News is that the Guatemalan Congress has approved the holding of the Referendum to take the Guatemalan claims to the International Court of Justice (ICJ), their public education campaign has commenced, and their national referendum is scheduled to be held by the end of 2017. Noting Guatemala’s theatrics, it is very unlikely that said referendum will be held as indicated; however, should Guatemala surprise us and hold said referendum then the probability is very high that a YES vote will be realized. The simple reason being that Guatemala, unlike Belize, has virtually nothing to lose by going to the ICJ and can only gain if the ICJ rules in their favour.
There is no doubt that our Ministry of Foreign Affairs (MFA) is monitoring said public education campaign in an effort to sensitize the Belizean public and prepare itself should we need to go to the ICJ. We will not know exactly what Guatemala claims will be unless both Belize and Guatemala vote YES in their national referendum. As Belizeans, we need to know what are the claims Guatemala will be advancing at the ICJ so that we can properly vote in our national referendum and be prepared for any eventuality.
Below are some claims that Guatemala has been making over the years and may make at the ICJ to justify their claim to Belize.

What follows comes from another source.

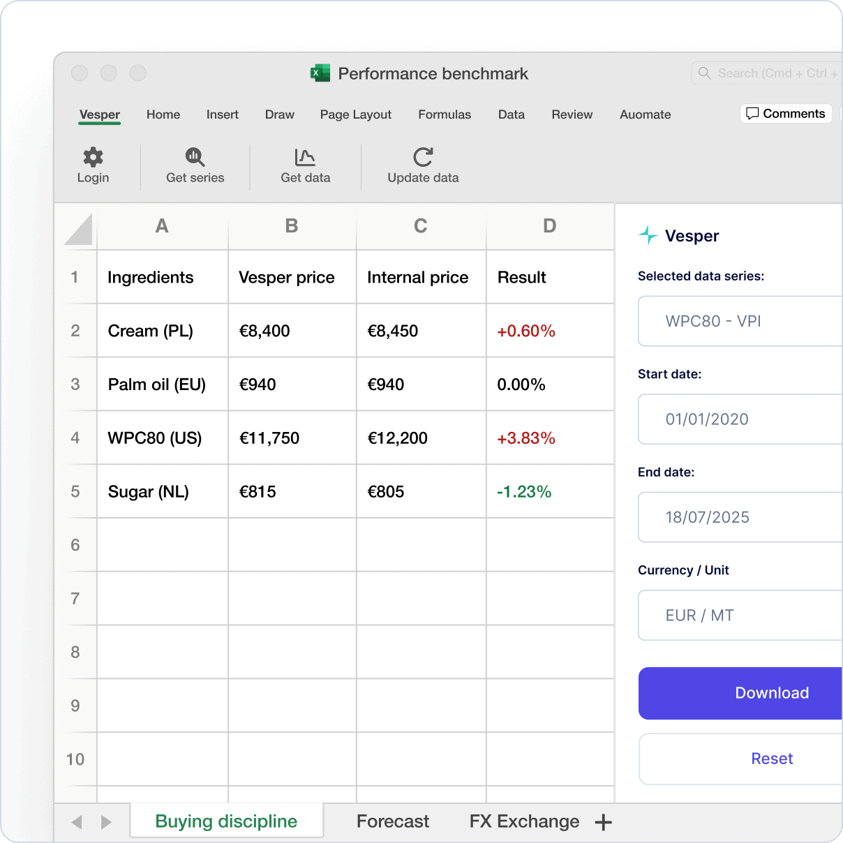 Stop wasting time with manual data entry. Vesper for Excel brings live commodity intelligence directly into your spreadsheets.

1. 1n 1492 Columbus discovered the New World and claimed it for Spain;
2. In the 1493 Papal Bull, Pope Alexander VI proclaimed that Spain had exclusive rights to colonize the Western Hemisphere (except Brazil) and which includes Central America;
3. In the Godolphin Treaty of 1670 Spain confirmed that England was to hold all territories in the Western Hemisphere that it had already settled (which did not include Belize);
4. Britain recognized the sovereignty of Spain over Belize and consequently in the 1783 Treaty of Versailles Spain granted Britain usufruct rights (the legal right of using and enjoying the fruits and profit of something belonging to another) to cut logwood between the Hondo and Belize rivers and which was extended in the 1786 Convention of London to the Sibun River;
5. Britain cannot claim sovereignty over Belize by conquest as a result of the 1798 Battle of St. George’s Caye as the 1802 Treaty of Amiens would nullify that claim. In said treaty Britain agreed to return all territories conquered from Spain during the period of war commencing 1793, except for Trinidad. Furthermore, the extent of Belize at that time comprised only of the area within said 1783 and 1786 treaties and which precluded Britain from claiming ownership to Belize;
6. Belize was originally within the domain of Spain and formed part of the Province of Verapaz within the Captaincy General of Guatemala and upon gaining independence from Spain in 1821 Guatemala claimed Belize as succession from Spain;
7. Britain continued to recognize Spain as having dominion over Belize and in 1835 and on other occasions requested Spain to cede the territory extending to the Sarstoon to Britain. Also, in 1857 Guatemala had proposed the cession of the territory between the Sibun and Sarstoon in return for compensation. As a consequence of said recognition of sovereignty, Britain, despite earlier calls from the settlement, did not declare Belize a Crown Colony until 1862 after the 1859 treaty was signed between Britain and Guatemala giving Britain legal rights over Belize;
8. Britain cannot claim acquisitive prescription to legitimize its possession of Belize as Britain had knowledge of the owner and said possession was therefore based on usurpation (seizing or exercising authority or possession wrongfully), which is not recognized in international or any law;
9. The 1859 treaty was a treaty of territorial cession disguised as a boundary treaty and Clause VII is a compensatory clause which Britain has breached due to non-compliance. Guatemala’s reasoning is (i) the preamble to the 1859 treaty clearly states that the boundary “has not yet been ascertained” but in Article 1 states that the boundary was “as they existed previous to and on the 1st day of January, 1850”; (ii) while contradictory, the legitimacy of the treaty was subject to the Clayton-Bulwer treaty of 1850 which forbade any further colonization of Central America; (iv) a treaty of cession would have been in contravention of the 1850 Clayton-Bulwer treaty and consequently the 1859 treaty had to be disguised as a boundary treaty and the date 1st day of January, 1850 was inserted to say that Guatemala agreed that the described boundary in the 1859 treaty existed prior to the 1850 Clayton-Bulwer treaty. Even with this disguise the United States Minister in Guatemala had lodged a note of protest as they recognized only the usufruct rights Spain had granted to Britain between the Hondo and Sibun Rivers, and the area between the Sibun and Sarstoon was within the province of Guatemala; (v) Clause VII is the compensation Britain agreed to in the 1859 treaty for the cessation of territory, and the non-fulfilment of said clause over the years has left Guatemala with no other option than to declare said treaty invalid and claim back Belize as being a part of Guatemala.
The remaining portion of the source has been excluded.